Negli ultimi anni è diventata quasi un'abitudine andare al cinema per assistere ad immagini spettacolari di straordinaria suggestione.
Procedendo con ordine il primato di film digitale spetta a Toy Story (di John Lassater, 1995).
In precedenza, la tecnologia digitale aveva già prodotto dei cortometraggi; il primo fu The Adventures of Andrè e Wally B. (di John Lassater, 1984). Immagini digitali, inoltre, erano state inserite in film come The Abyss (di James Cameron, 1989), che ha per protagonista una creatura fatta di acqua, e The Mask. Da zero a mito (di Charles Russell, 1994).
Solo in Final Fantasy (di Hionobu Sakaguchi, 2001) si vedranno, però, come protagonisti esseri umani non in carne ed ossa ma rigorosamente digitali. Il film è nato grazie ad anni di studio di duecento esperti di computer graphic: il risultato è stata una protagonista con una gamma espressiva estremamente ampia e realistica.
Un primo tentativo di ibridazione tra virtuale e reale è anche nella sequenza del lancio di Apollo 13 (di Ron Howard, 1995), con gli effetti speciali della Digital Domain: è stata filmata la piattaforma di lancio di Cape Canaveral, poi è stata scansionata la pellicola e rielaborata al computer eliminando gli edifici più recenti, aggiungendo erba accanto alla postazione e ridipingendo il cielo per ottenere un effetto cromatico particolare. Quindi la pellicola è stata trasformata in una costruzione tridimensionale per creare un set virtuale in modo da simulare il movimento, come se la telecamera avesse seguitp l'innalzamento del missile.
Non c'è più spazio nè tempo nel fluttuante mondo digitale e neanche per gli attori in carne e ossa, che forse, lentamente, potrebbero essere sostituiti dai loro equivalenti digitali senza stipendio.
Uno dei primi casi di sostituzione è avvenuta in Chi ha incastrato Roger Rabbit (di Robert Zemeckis, 1988), in cui il protagonista si trova ad interagire con un mondo popolato da cartoni animati.
L'uomo senza ombra ( di Paul Verhoeven, 2000) porta alle estreme conseguenze il tema dell'inconsistenza corporea attraverso il personaggio dello scienziato Sebastian Caine, il quale sperimenta un siero su di sè che lo conduca alla totale smaterializzazione. La trama si riferisce, infatti, proprio allo smaterializzarsi del corpo attoriale, visto che il protagonista verrà sostituito da un repertorio di effetti speciali.
Ma il digitale e la sua possibilità di condurre in un mondo virtuale portano alla ricreazione di mondi incantati nei quali immergersi, come in The Truman Show (di Peter Weir, 1998), il cui protagonista viene seguito 24 ore su 24 da telecamere nascoste e vive una vita virtuale a sua insaputa.

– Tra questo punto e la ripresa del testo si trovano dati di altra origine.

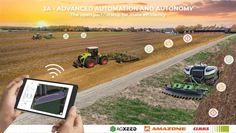 Με αυτό το σκεπτικό, η κοινή εργασία μεταξύ της AgXeed, της Claas και της Amazone, οδήγησε στην ανάπτυξη του λογισμικού σχεδιασμού και εφαρμογής 3A (Advanced Automation and Autonomy), όπου οι αισθητήρες καταγράφουν προβλήματα, όπως ένα μπλοκάρισμα ή ένα χαμένο φρεζάκι, και μπορούν επίσης να παρακολουθούν έναν κύλινδρο πακεταρίσματος για να διασφαλίσουν ότι λειτουργεί με τη σωστή ταχύτητα.
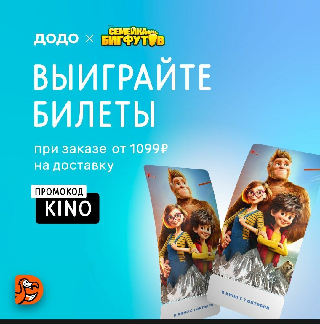 При заказе на сайте Додо Пицца от 1099 рублей в промокоды введите слово: KINO

Diventa qui evidente la creazione di mondi nuovi, di realtà diverse dove sempre più spesso ci addentriamo quando guardiamo un film.
Come le immagini spettacolari della trilogia de Il Signore degli anelli (di Peter Jackson, 2003) che ci introducono in mondi popolati da creature innaturali come gli elfi o gli hobbit, in ambienti allo stesso tempo inquietanti ma favolosi dove le straordinarie battaglie che tanto successo hanno dato al film sono in digitale.